Crop dusters bombard latest swarm of grasshoppers with pesticide in an effort to save south’s crops

Aircrafts spraying pesticides over agricultural fields in Ramat Negev, March 11, 2013. (Flash90)
Aircrafts spraying pesticides over agricultural fields in Ramat Negev, March 11, 2013. (Flash90)

Crop-dusting planes on Monday bombarded a scourge of locusts with pesticides in an effort to cull the biblically timed plague that threatened to annihilate crops in southern Israel.

Israel has battled swarm after swarm of the voracious insects for the past three weeks, with ever-larger plagues of the destructive insects arriving daily from neighboring Egypt. At the start of the month, the Agriculture Ministry launched a major crop-dusting campaign to kill the aerial invaders.

Unlike previous swarms that have entered Israel in the past month, the locusts that hit Israel Sunday are yellow and fertile and, in this stage of their metamorphosis, pose less risk to crops because they eat significantly less. Once the insects lay eggs and they hatch, however, Israeli farmers will face the threat of this wave’s insatiable brood, which will eat anything green in their path.

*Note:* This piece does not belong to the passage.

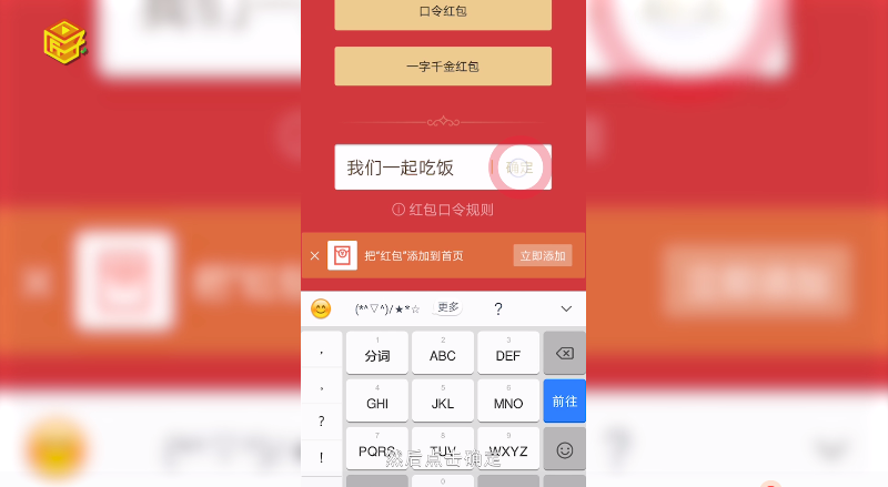 找到输口令,领红包选项

“The planes spray the swarms and stop them from going further into the country,” a Ramat Negev Regional Council official said.

“You spray them early in the morning to stop them from arriving at moister areas, where they would lay eggs and the larvae would eat everything in sight.”

The latest swarm to hit Israel on Passover eve carries biblical significance: Of the 10 plagues which, according to the Bible, smote Pharaoh to ensure the release of the Israelites from bondage in Egypt, the eighth was locusts.